Some of our recent festival faves are back in cinemas
A bunch of the year’s best film fest titles are already back on the big screen, with more on the way over coming months…

Some of the big fests have been and gone for the year (not to overlook gems like next month’s Adelaide Film Festival). But some of the best of fests are already playing in cinemas around the country—or coming to them very soon. Here’s what to factor in, on a big screen near you in September and October.
Now playing
Writer-director-star Eva Victor explores how a woman is challenged by an abuse-of-power sexual assault, one that she manages through hidden coping mechanisms even as she outwardly flourishes in her career.
“Though I found it all a little bit too girl-who’s-going-to-be-ok-meme-esque at times, and not nearly as uproariously funny as some audiences, I appreciated Sorry, Baby’s hopeful and heartfelt approach and refusal to sensationalise its subject matter,” wrote Flicks’ Katie Parker.
Not Only Fred Dagg But Also John Clarke
Claimed on both sides of the Tasman, the late John Clarke found his way onto the TVs of households across Aotearoa as comic farmer Fred Dagg before decamping to Australia for a hugely successful and decades-long satirical partnership with Bryan Dawe. The pair’s work includes superb ahead-of-its-time mockumentary series The Games (watch this clip).
In this new doco, John’s daughter Lorin gives her comic icon father the chance to tell his story in his own words, drawing on recorded conversations with (and archive footage of) one of the all-time greats—no matter whether you call him Aussie or Kiwi.
As COVID arrives in a small New Mexico town, its residents are glued to their phones and stuck in their own bubbles of belief. It’s against this backdrop that a feud between Joaquin Phoenix’s sheriff and Pedro Pascal’s mayor escalates, and Ari Aster again looks to literalise our fears.
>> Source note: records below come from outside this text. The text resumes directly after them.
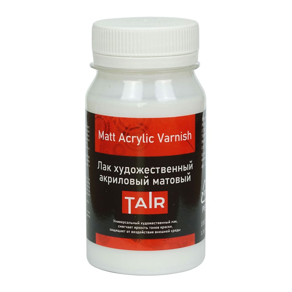 Лак акриловый матовый Таир. Применяется для грунтования, укрепления, уменьшения или выравнивания впитывающей способности различных подложек. Также придает им водостойкости, жёсткости. Подходит для перелакировки цветных покрытий, перекрывания матовых красок с целью получения гладкой, блестящей, износостойкой, моющейся и невосприимчивой к загрязнениям поверхности. Объем: 100 мл.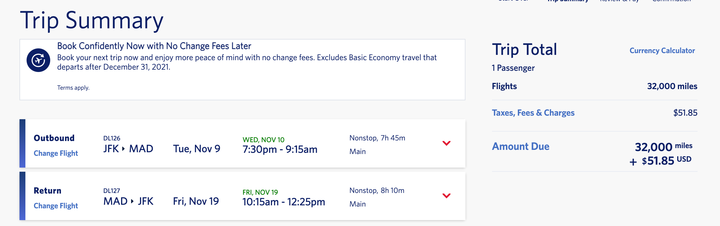 Since you're booking with SkyMiles, you can easily change or cancel your itinerary if you're not able to embark on your trip for unforeseen circumstances.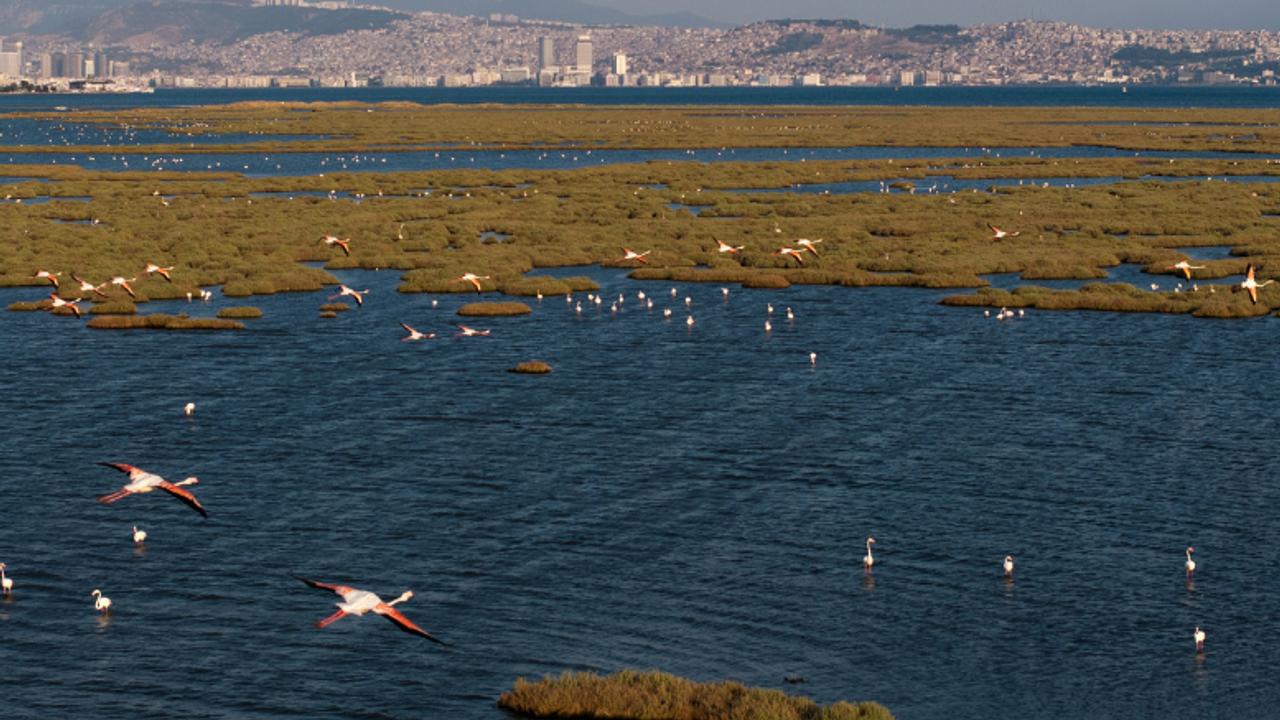 Yerleşim yerlerine kadar uzanan Gediz Deltası, tuzlu su çayırları ve deniz börülcelerinin oluşturduğu yüzey şekilleriyle adeta gerdanlık gibi İzmir Körfezini süslüyor. Delta ayrıca flamingolara da ev sahipliği yapıyor. Şehirle iç içe bir görüntü veren flamingolar, gün içerisinde deltada besleniyor. Flamingolar, beslenmeleri sırasında alg ve tuzlu su karidesi gibi karotenoid açısından zengin besinlerden pigment emiyor. Bu pigment, büyüdükçe tüylerine yerleşerek tüylerine o meşhur pembe rengini veriyor.

“No viewpoint is spared being depicted as siloed here, and as this thing takes flight, the ways it departs from observable reality somehow capture something that resonates as even more real,” I commented.
Coming soon
Well, you can’t see everything at a film festival, and Splitsville eluded our NZIFF coverage—so consider us curious about this open relationship indie comedy (no, not that kind of curious). Among the cast: Dakota Johnson, Adria Arjona, Nicholas Braun and the film’s director and writers Michael Angelo Covino and Kyle Marvin.
An introverted space princess sets out to save her ex-girlfriend from Straight White Maliens in a crowd-pleasing animated comedy that’s been a hit on the festival circuit.
“Not only good for a laugh every ten seconds,” according to Matthew Crawley, “it’s also got ridiculously catchy tunes (it’s not a musical, don’t worry), plus the sexist, racist, homophobic, ableist, misogynist, impatient spaceship you didn’t know you needed in your life.”
Beloved filmmaker Kelly Reichardt serves up a tale of art crime and domestic tension in this ’70s-set slow-burner starring a fellow familiar festival face in Josh O’Connor.
“He plays the infuriatingly selfish art crim at the centre of Kelly Reichardt’s latest feature with a kind of dirtbag charm and innate hopelessness,” says Rachel Ashby: “He’s every guy you fancied at art school, but worse.”
At a support group for grieving siblings who’ve lost their twin (pretty niche), Roman (Dylan O’Brien) bonds with Dennis (James Sweeney, also the film’s writer-director)—but there’s more bubbling under the surface than much-needed emotional support…
“Narratively inventive with proper dramatic heft that fuels the abundance of cringe comedy, this would pair nicely with Andrew DeYoung’s Friendship for anyone daring a double feature on destructive clinginess,” challenges Liam Maguren.